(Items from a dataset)
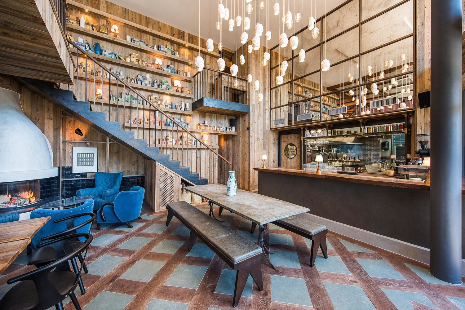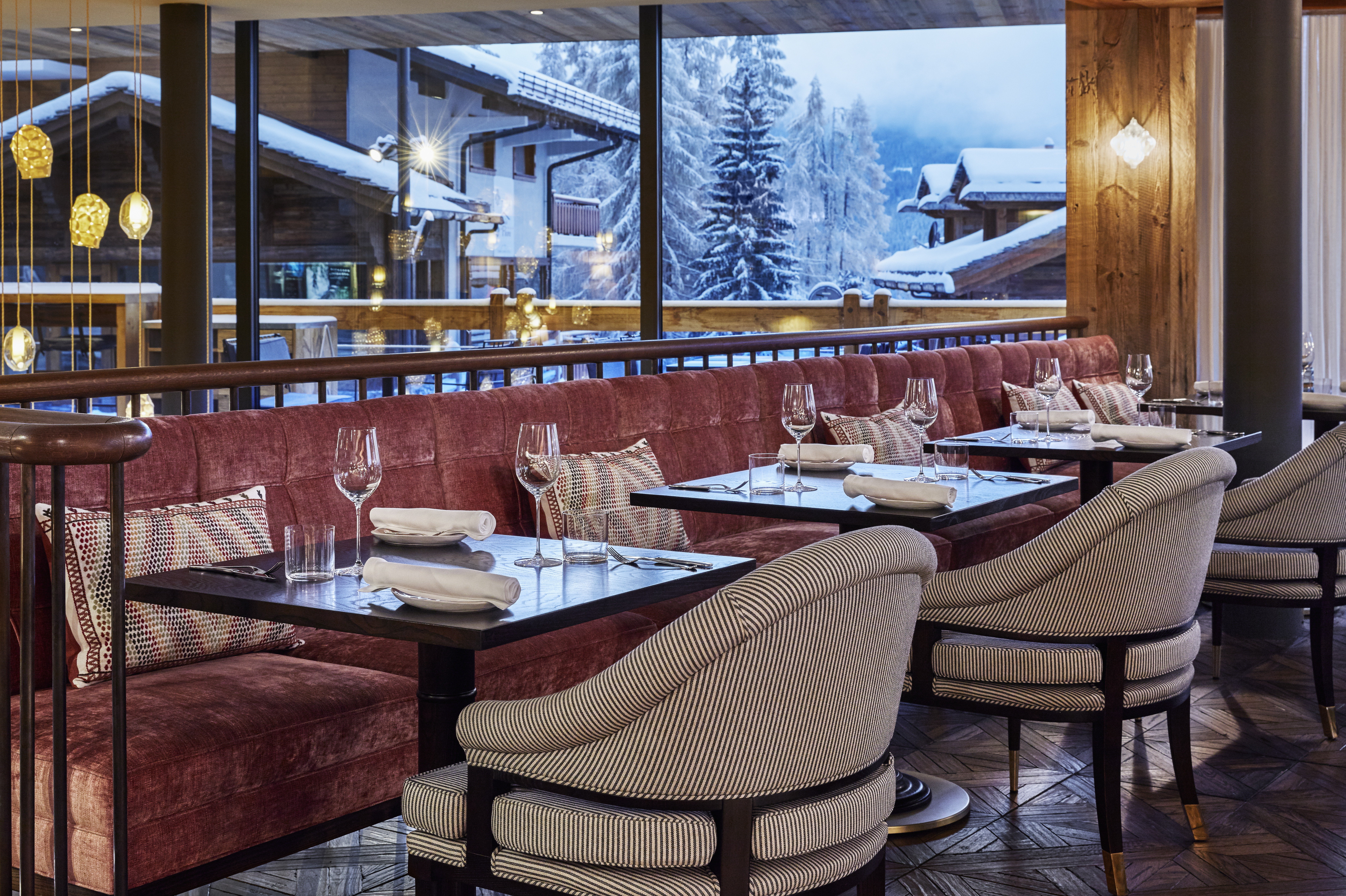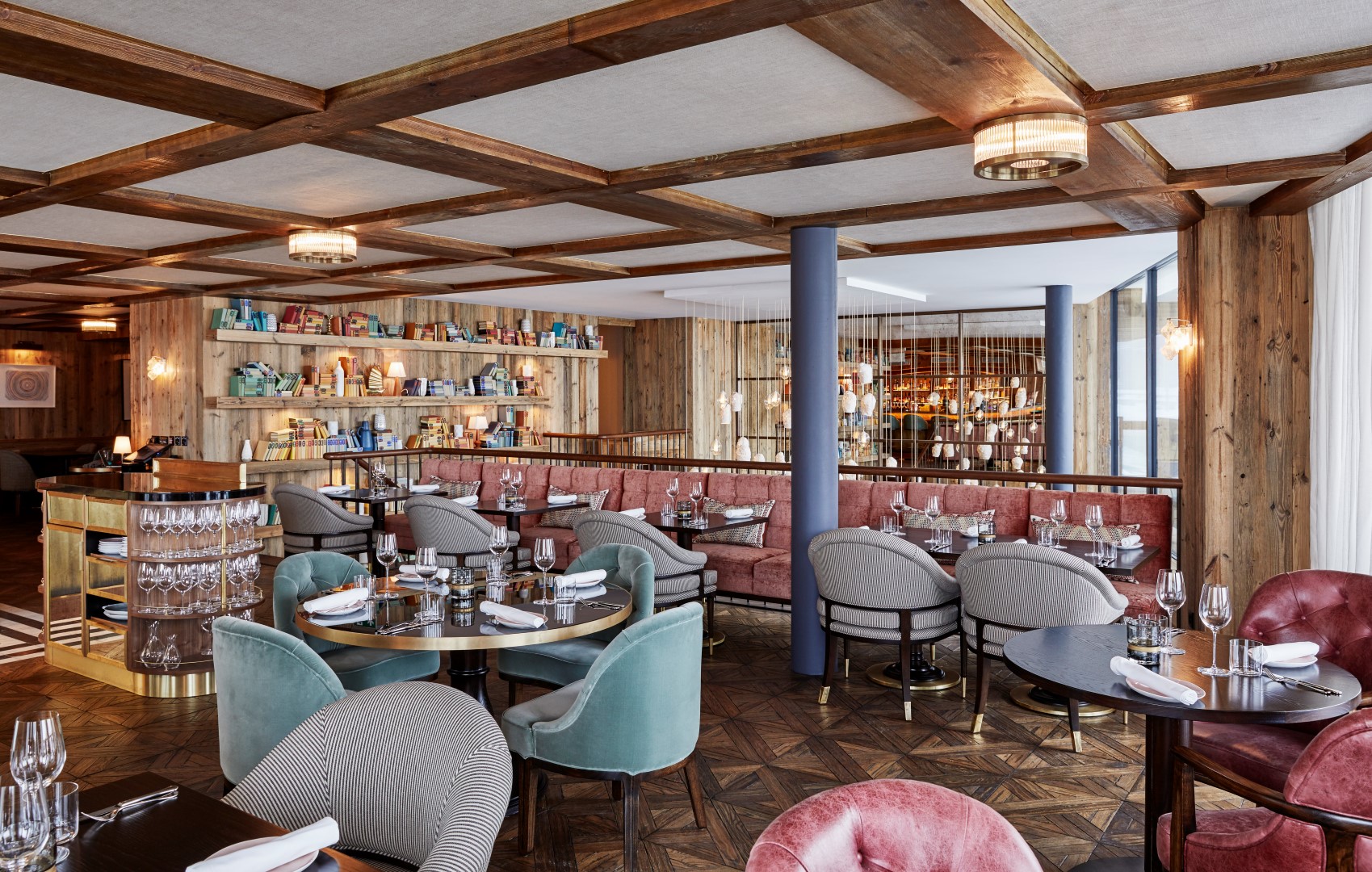 Designed by du Boulay Projects, the establishment is housed in a contemporary wooden chalet that offers panoramic views of the Alps and the surrounding valley.
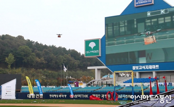 | 경북지방우정청이 29일 대구삼성라이온즈파크에서 드론 우체국 택배 배송 시연을 하고 있다.(사진제공=경북우정청) |
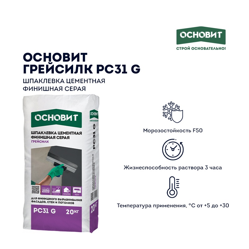Шпаклевка цементная финишная Основит Грейсилк PC31 G, 20 кг
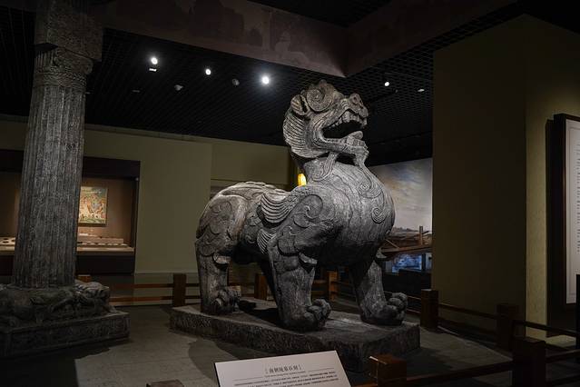 南朝陵墓石刻,这是一尊石麒麟,造型雄伟,昂首挺立,繁缛而华丽,虽然仍存汉代遗风,但韵律已有变化,已经没有汉代大型石刻的朴拙,显得威武而富有灵气。麒麟也是帝王陵墓才可以设的石刻。
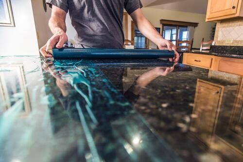 카운트탑은 까다로운 영화 실제적 스톤 표면 보호 막에 대리석 무늬를 넣습니다
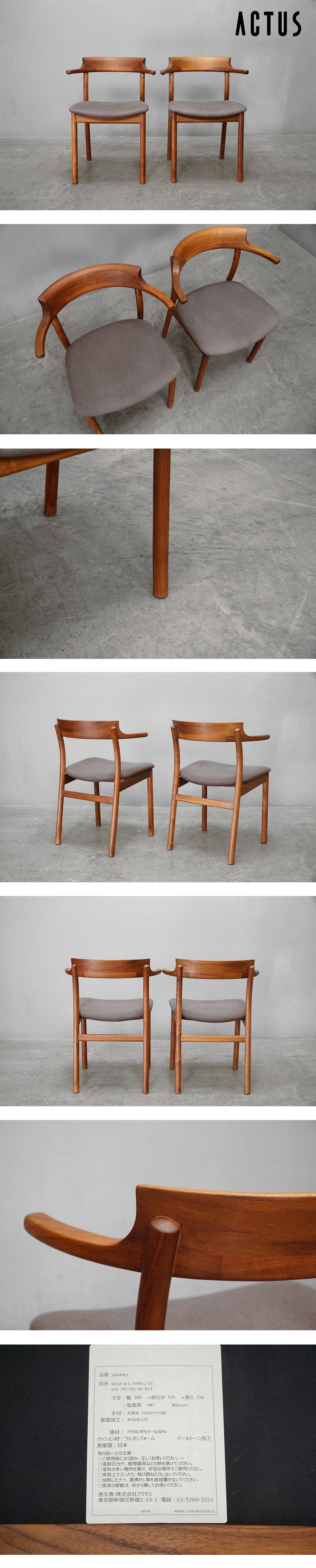 極美品 ACTUS(アクタス) SOUP (スープ) アームチェア タイプC ウォールナット 2脚セット ダイニングチェア 13.8万041127 收藏
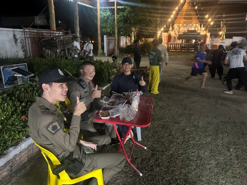 ข่าวกิจกรรม, ข่าวประชาสัมพันธ์ เจ้าหน้าที่ตำรวจสายตรวจดูแลความสงบเรียบร้อยในงาน ปอยอ่องจ๊อด 19 เมษายน 2568 / 0 ความเห็น เมื่อวันที่ 19 ตุลาคม 2567 เจ้าหน้าที่ตำรวจสายตรวจตำบลห้วยโป่ง ได้รับมอบหมายจากผู้บังคับบัญชาให้มาดูแลความสงบเรียบร้อยในงานประเพณีดับไฟเทียน(ปอยอ่องจ๊อด) ที่หมู่บ้านไม้ฮุง ม.5 ต.ห้วยโป่ง อเมือง จว.แม่ฮ่องสอน Facebook iconFacebookTwitter iconTwitterLINE iconLine
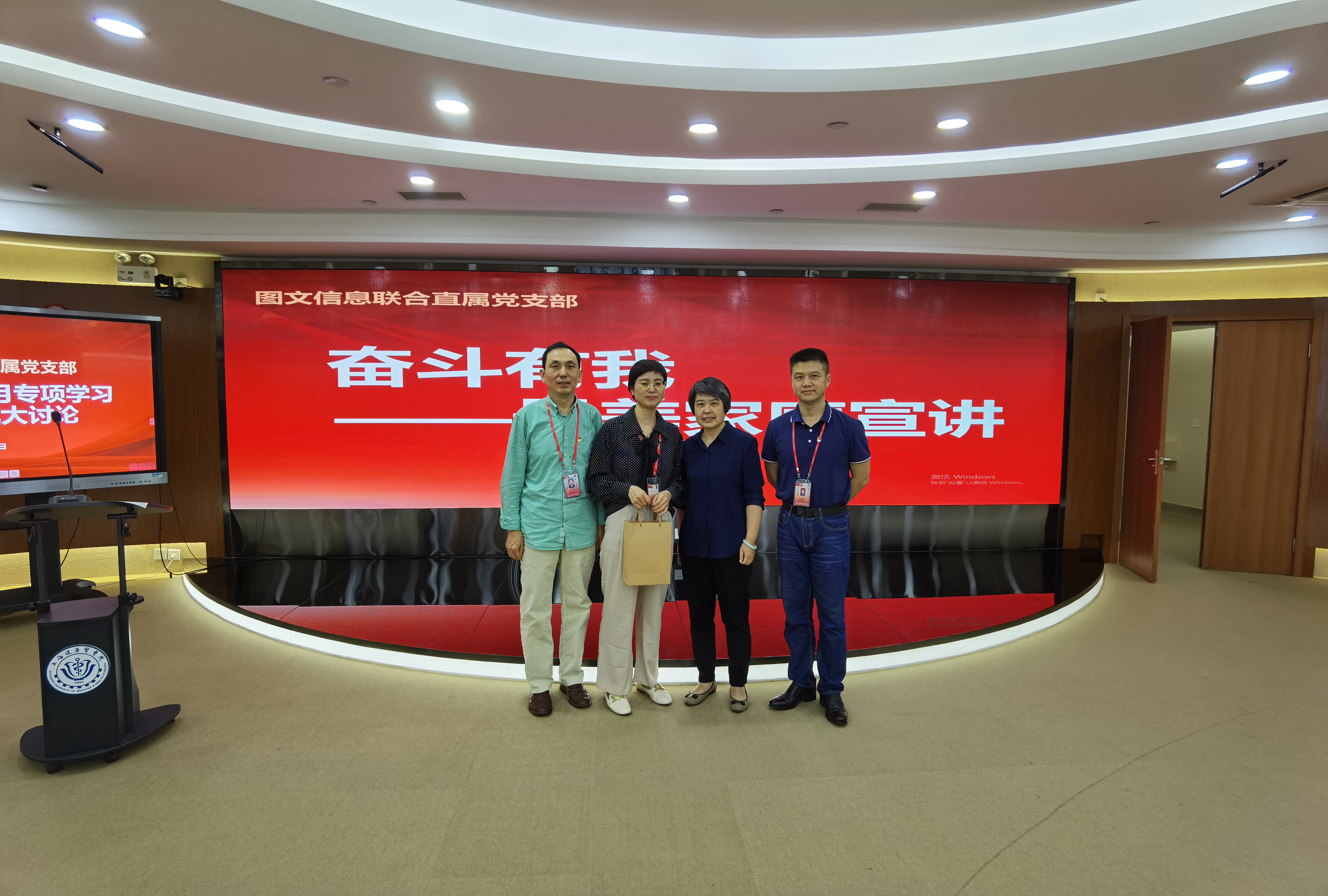 进一步学习贯彻落实习近平总书记关于教育的重要论述特别是关于教师队伍的重要指示精神,强化正确导向,进一步团结凝聚广大教师昂扬向上的精神风貌和立德树人的职业要求,推动师德师风建设,图文信息联合直属党支部于9月29日在南苑图书馆五楼报告厅组织开展师德师风建设月专项学习和师德师风大讨论,工会副主席芦静应邀出席活动,支部全体教职工参与。

_Problem_. Print each record exactly as it stands, skipping the pictures.

_Task result_.
 Designed by du Boulay Projects, the establishment is housed in a contemporary wooden chalet that offers panoramic views of the Alps and the surrounding valley.
 | 경북지방우정청이 29일 대구삼성라이온즈파크에서 드론 우체국 택배 배송 시연을 하고 있다.(사진제공=경북우정청) |
Шпаклевка цементная финишная Основит Грейсилк PC31 G, 20 кг
 南朝陵墓石刻,这是一尊石麒麟,造型雄伟,昂首挺立,繁缛而华丽,虽然仍存汉代遗风,但韵律已有变化,已经没有汉代大型石刻的朴拙,显得威武而富有灵气。麒麟也是帝王陵墓才可以设的石刻。
 카운트탑은 까다로운 영화 실제적 스톤 표면 보호 막에 대리석 무늬를 넣습니다
 極美品 ACTUS(アクタス) SOUP (スープ) アームチェア タイプC ウォールナット 2脚セット ダイニングチェア 13.8万041127 收藏
 ข่าวกิจกรรม, ข่าวประชาสัมพันธ์ เจ้าหน้าที่ตำรวจสายตรวจดูแลความสงบเรียบร้อยในงาน ปอยอ่องจ๊อด 19 เมษายน 2568 / 0 ความเห็น เมื่อวันที่ 19 ตุลาคม 2567 เจ้าหน้าที่ตำรวจสายตรวจตำบลห้วยโป่ง ได้รับมอบหมายจากผู้บังคับบัญชาให้มาดูแลความสงบเรียบร้อยในงานประเพณีดับไฟเทียน(ปอยอ่องจ๊อด) ที่หมู่บ้านไม้ฮุง ม.5 ต.ห้วยโป่ง อเมือง จว.แม่ฮ่องสอน Facebook iconFacebookTwitter iconTwitterLINE iconLine
 进一步学习贯彻落实习近平总书记关于教育的重要论述特别是关于教师队伍的重要指示精神,强化正确导向,进一步团结凝聚广大教师昂扬向上的精神风貌和立德树人的职业要求,推动师德师风建设,图文信息联合直属党支部于9月29日在南苑图书馆五楼报告厅组织开展师德师风建设月专项学习和师德师风大讨论,工会副主席芦静应邀出席活动,支部全体教职工参与。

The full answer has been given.